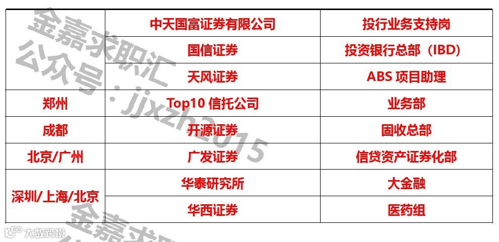 5、有券商投行或资管、律师事务所、信托公司相关实习经历优先考虑;
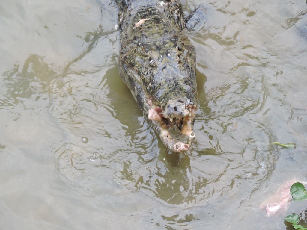 Foto que tiramos de um jacaré as margens do rio, no Pantanal - SESC Porto Cercado
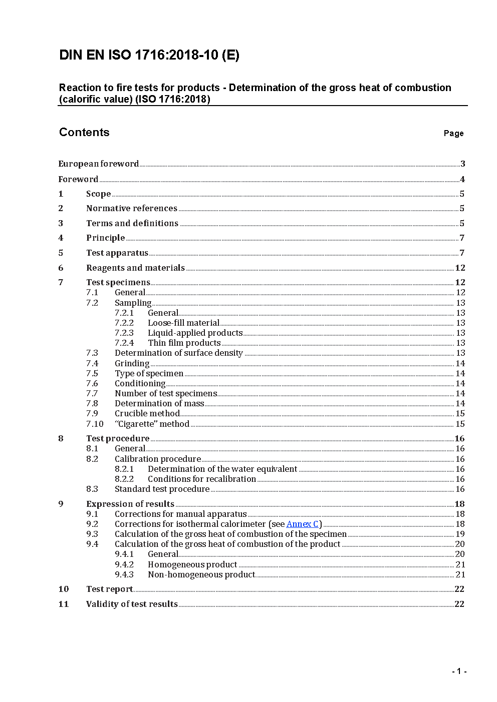 Reaction to fire tests for products - Determination of the gross heat of combustion (calorific value) (ISO/DIS 1716:2017); German and English version prEN ISO 1716:2017
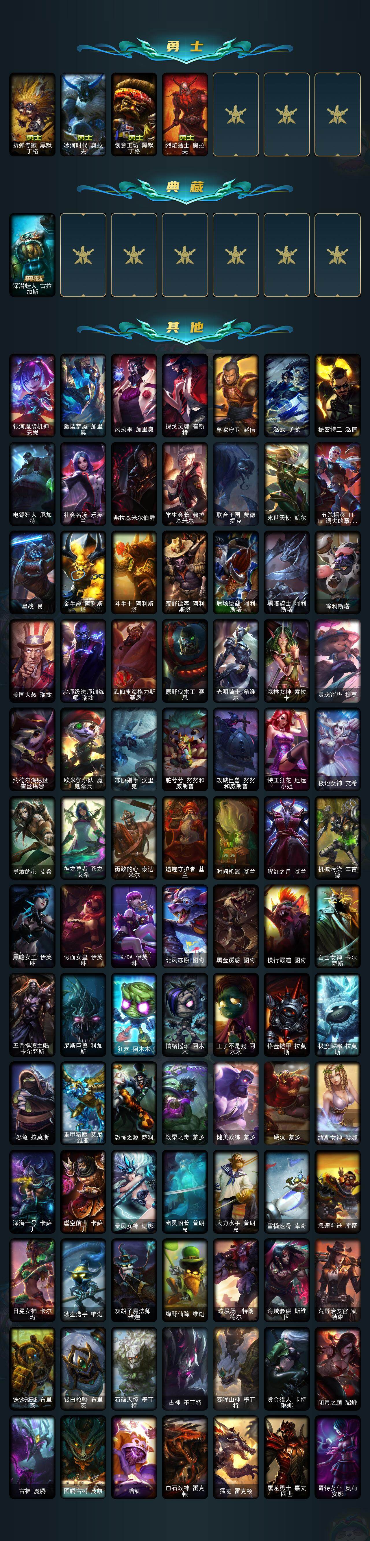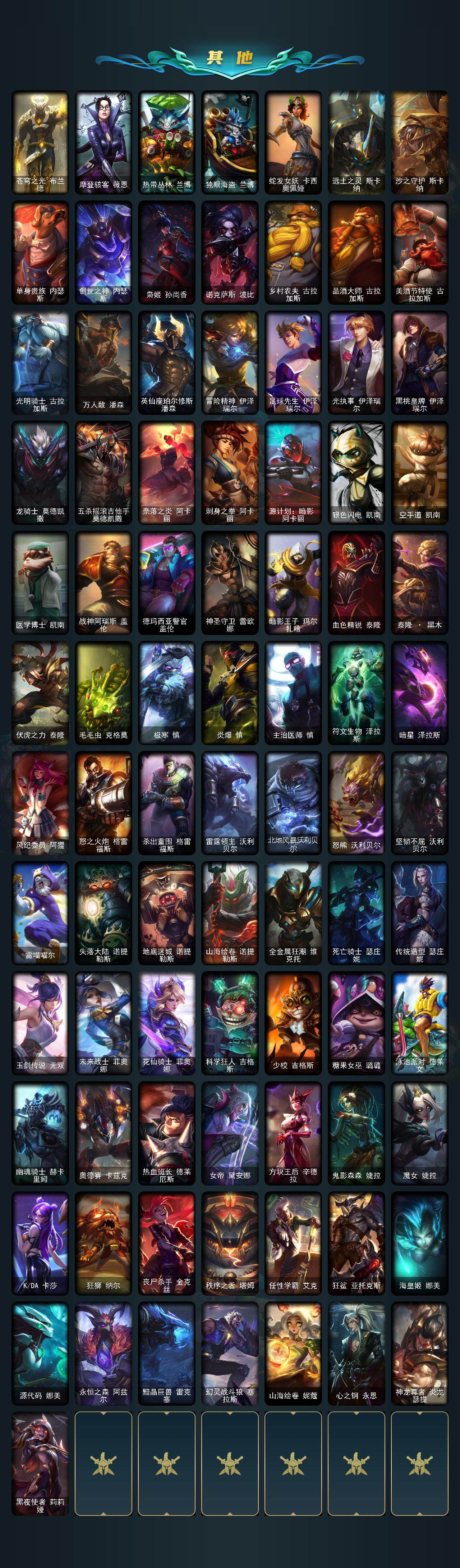 未定级段位-172英雄-340皮肤-147炫彩-3终极-4神话-49限定-28传说-
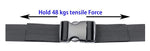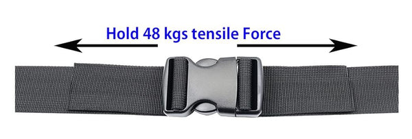 Each buckle has passed over 3,000 tensile strength tests and can withstand up to 48 kg (106 lbs) of pulling force.
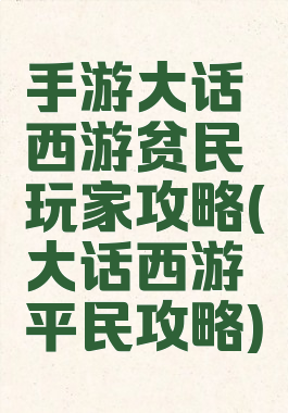 手游大话西游贫民玩家攻略(大话西游平民攻略)
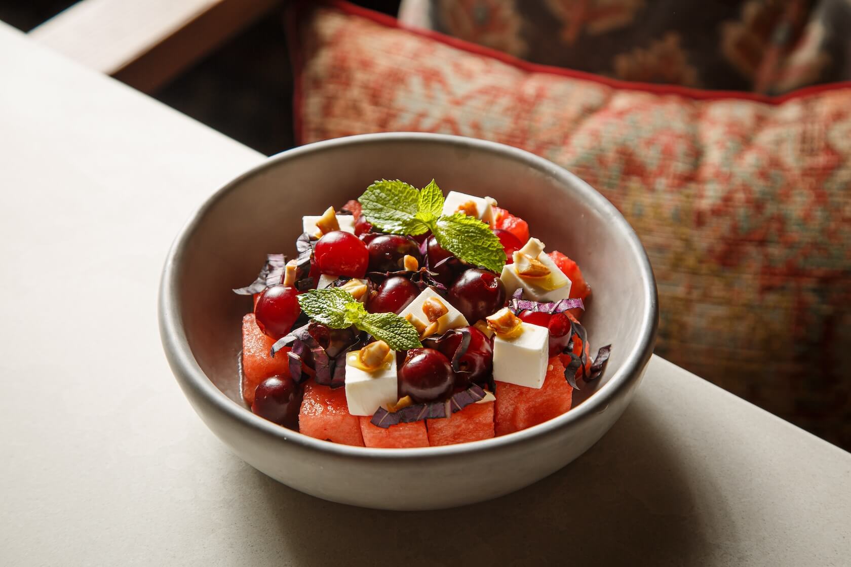 Салат с арбузом и сыром Фета (520 ₽) — Арбуз, сыр фета, вишня, миндаль в карамели, базилик, мята.
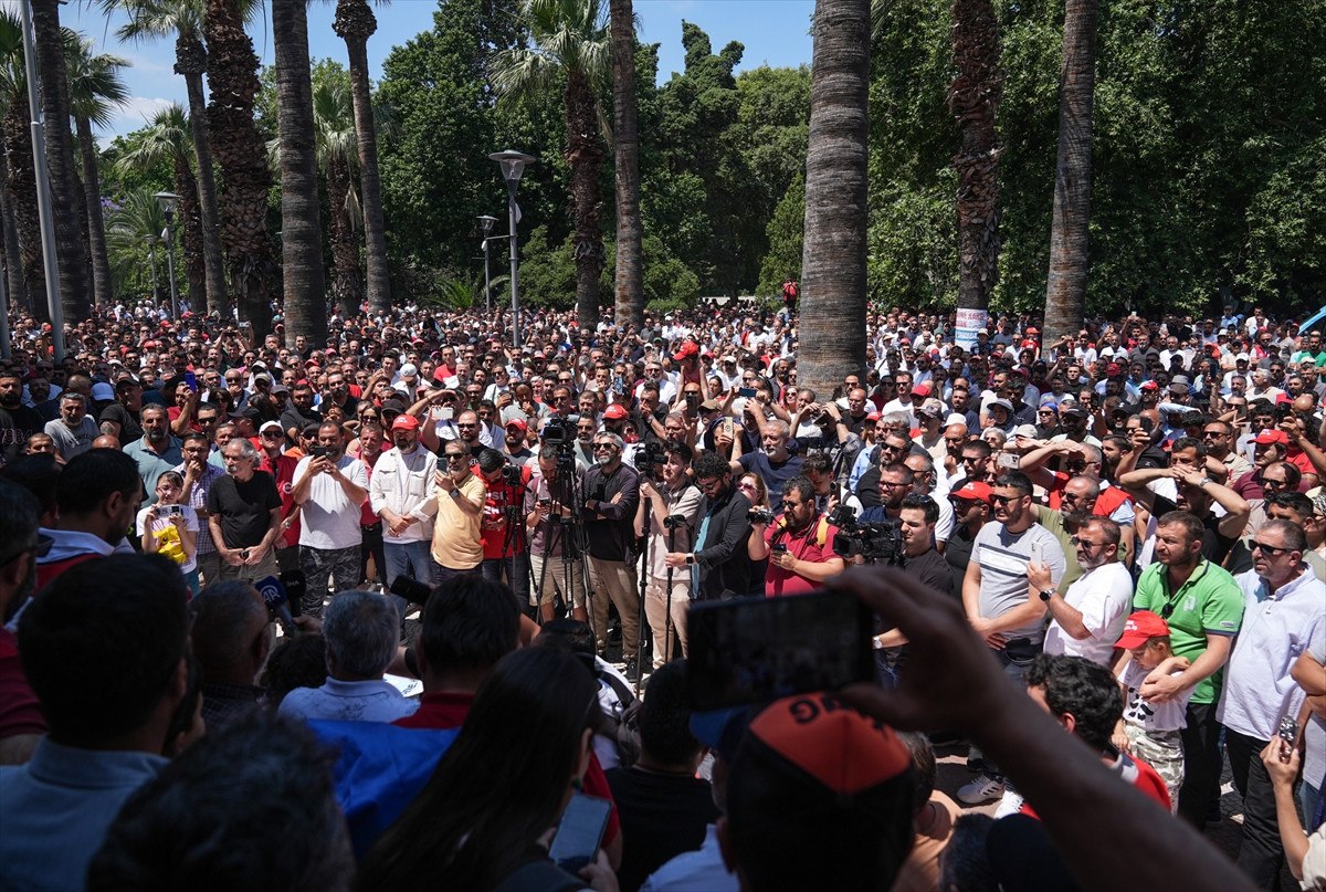 İzmir adeta bir kaosa sürüklenirken, “İş, ekmek, adalet”, “Sadaka değil toplu sözleşme”, “Açlıktan ölmeyiz, biz bu yoldan dönmeyiz” sloganları atan işçiler, sokaklarda halay çekti.
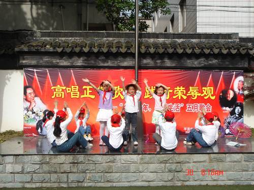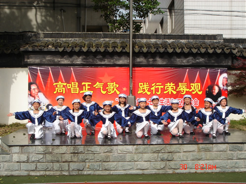 全校同学热火朝天地准备着,红色的歌曲从每一个课堂飞出,落在操场,带回家中,在每个人的心头荡漾,汇聚成今天的主题“高唱正气歌,践行荣辱观”。 同学们纵情高歌,用美妙的歌声诠释着对正义的理解,歌唱着金色的童年,七彩的生活。
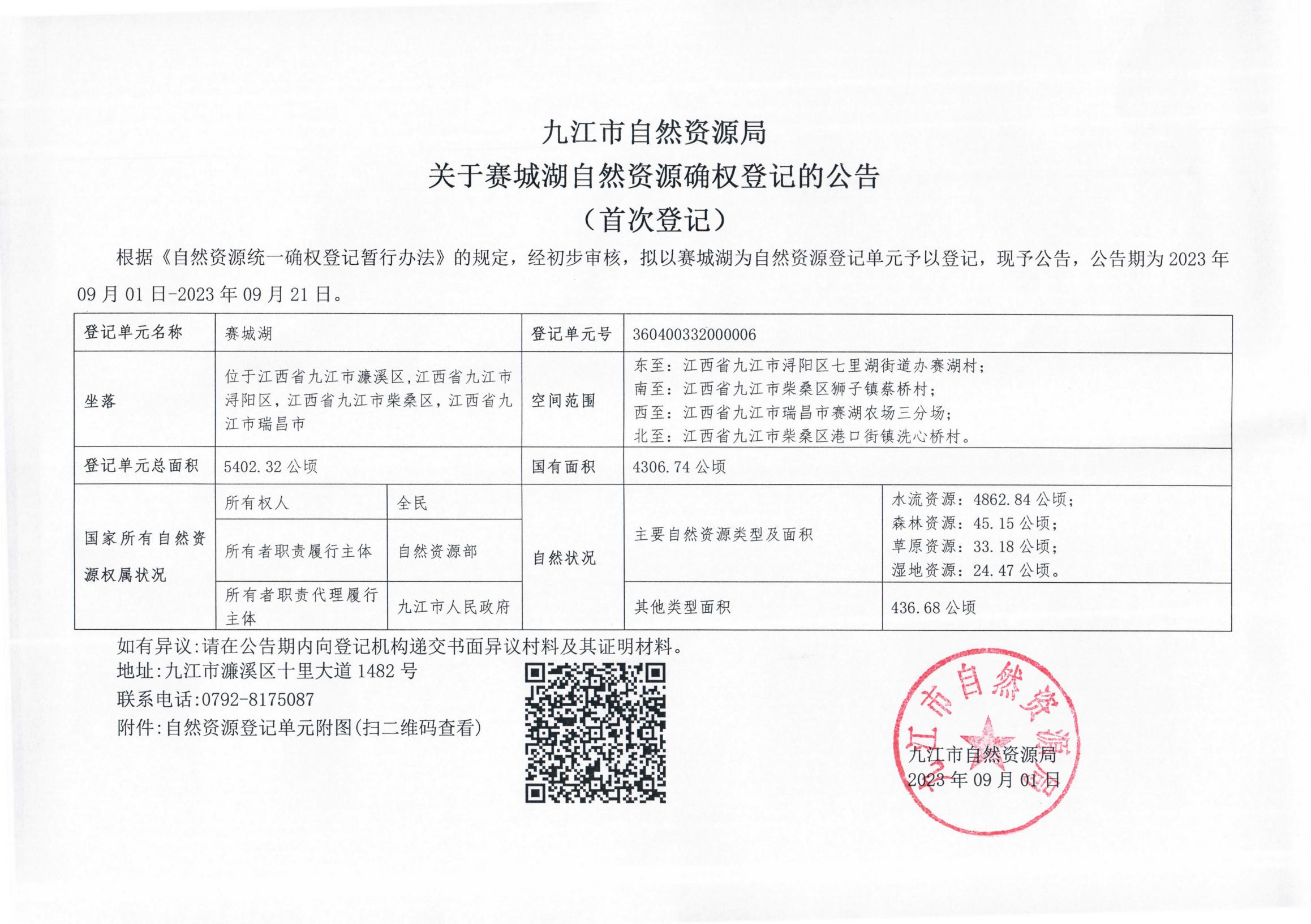 九江市自然资源局关于赛城湖自然资源确权登记的公告
★ ★ ★ ★ ★
| TASK REQUIREMENTS |
What is needed is an exact copy of the lines from the beginning of the data through the line containing "Foto que tiramos", both included, without any pictures.

| TASK ANSWER |
 5、有券商投行或资管、律师事务所、信托公司相关实习经历优先考虑;
 Foto que tiramos de um jacaré as margens do rio, no Pantanal - SESC Porto Cercado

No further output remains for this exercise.